- [Exercise] In the entries below, find the line with "Diese wunderschöne Sterlingsilber-Bead" and the line with "兒童戲水區正對面的竹崎車站是". Reproduce those two lines and every line between them exactly, and nothing more.

- [Extracted data]
:::::

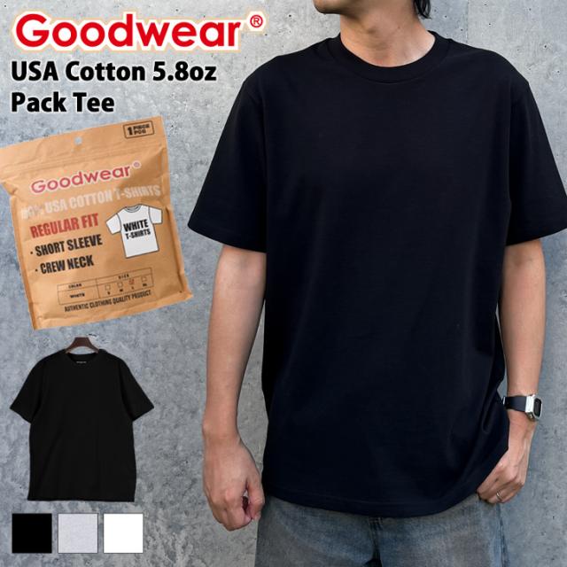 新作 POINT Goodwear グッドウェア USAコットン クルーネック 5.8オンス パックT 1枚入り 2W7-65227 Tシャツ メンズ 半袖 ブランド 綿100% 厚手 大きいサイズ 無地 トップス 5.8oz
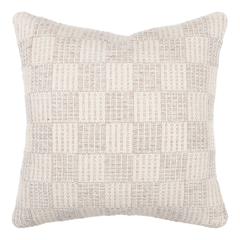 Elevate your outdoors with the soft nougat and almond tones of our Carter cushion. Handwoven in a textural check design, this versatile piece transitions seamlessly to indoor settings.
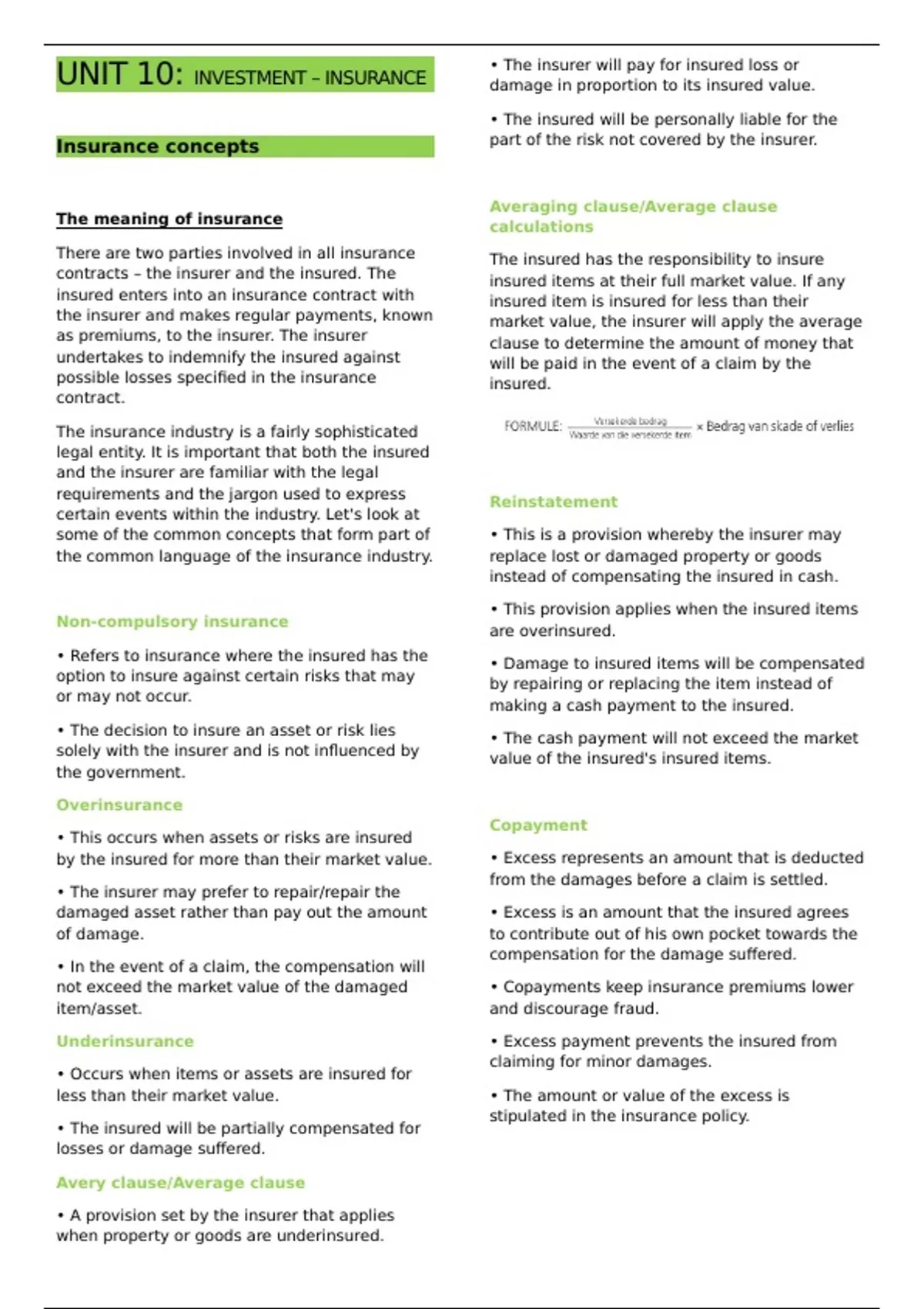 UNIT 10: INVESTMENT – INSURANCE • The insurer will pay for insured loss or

:::::

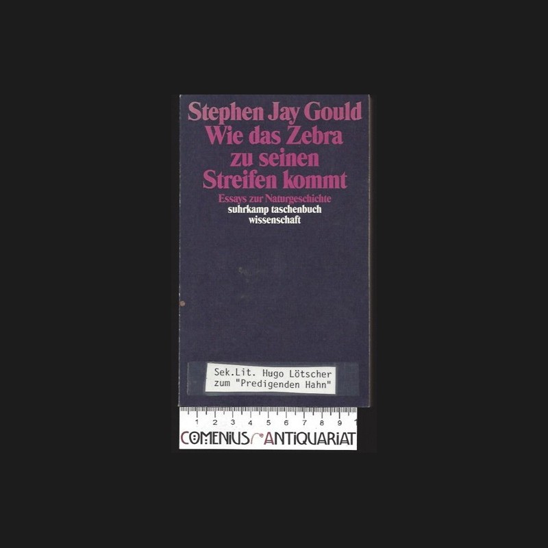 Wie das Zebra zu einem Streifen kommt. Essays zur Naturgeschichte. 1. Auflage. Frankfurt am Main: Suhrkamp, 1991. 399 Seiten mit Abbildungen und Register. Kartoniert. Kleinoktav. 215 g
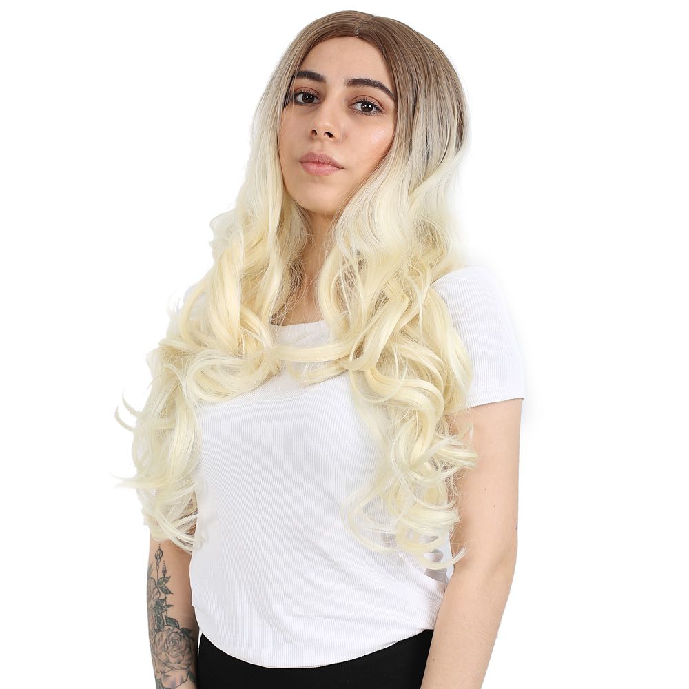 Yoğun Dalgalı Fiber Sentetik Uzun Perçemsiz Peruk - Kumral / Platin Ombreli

:::::

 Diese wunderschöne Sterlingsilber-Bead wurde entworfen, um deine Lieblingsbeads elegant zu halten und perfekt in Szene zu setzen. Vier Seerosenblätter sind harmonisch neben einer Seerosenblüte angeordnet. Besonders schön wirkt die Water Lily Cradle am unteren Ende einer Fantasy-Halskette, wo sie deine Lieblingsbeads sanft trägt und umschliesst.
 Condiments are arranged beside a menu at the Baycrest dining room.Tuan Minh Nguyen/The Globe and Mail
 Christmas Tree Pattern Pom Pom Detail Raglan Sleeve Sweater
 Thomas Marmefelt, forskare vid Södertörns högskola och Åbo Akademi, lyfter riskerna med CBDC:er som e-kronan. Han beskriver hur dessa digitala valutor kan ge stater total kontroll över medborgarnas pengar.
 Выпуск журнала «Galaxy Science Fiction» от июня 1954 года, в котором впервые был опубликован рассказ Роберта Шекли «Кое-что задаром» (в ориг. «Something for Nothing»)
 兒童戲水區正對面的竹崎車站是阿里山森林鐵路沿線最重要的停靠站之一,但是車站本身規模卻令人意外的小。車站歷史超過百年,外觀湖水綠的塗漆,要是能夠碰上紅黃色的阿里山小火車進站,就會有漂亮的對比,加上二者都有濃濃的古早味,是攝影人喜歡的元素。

:::::

- [Exercise output]
 Diese wunderschöne Sterlingsilber-Bead wurde entworfen, um deine Lieblingsbeads elegant zu halten und perfekt in Szene zu setzen. Vier Seerosenblätter sind harmonisch neben einer Seerosenblüte angeordnet. Besonders schön wirkt die Water Lily Cradle am unteren Ende einer Fantasy-Halskette, wo sie deine Lieblingsbeads sanft trägt und umschliesst.
 Condiments are arranged beside a menu at the Baycrest dining room.Tuan Minh Nguyen/The Globe and Mail
 Christmas Tree Pattern Pom Pom Detail Raglan Sleeve Sweater
 Thomas Marmefelt, forskare vid Södertörns högskola och Åbo Akademi, lyfter riskerna med CBDC:er som e-kronan. Han beskriver hur dessa digitala valutor kan ge stater total kontroll över medborgarnas pengar.
 Выпуск журнала «Galaxy Science Fiction» от июня 1954 года, в котором впервые был опубликован рассказ Роберта Шекли «Кое-что задаром» (в ориг. «Something for Nothing»)
 兒童戲水區正對面的竹崎車站是阿里山森林鐵路沿線最重要的停靠站之一,但是車站本身規模卻令人意外的小。車站歷史超過百年,外觀湖水綠的塗漆,要是能夠碰上紅黃色的阿里山小火車進站,就會有漂亮的對比,加上二者都有濃濃的古早味,是攝影人喜歡的元素。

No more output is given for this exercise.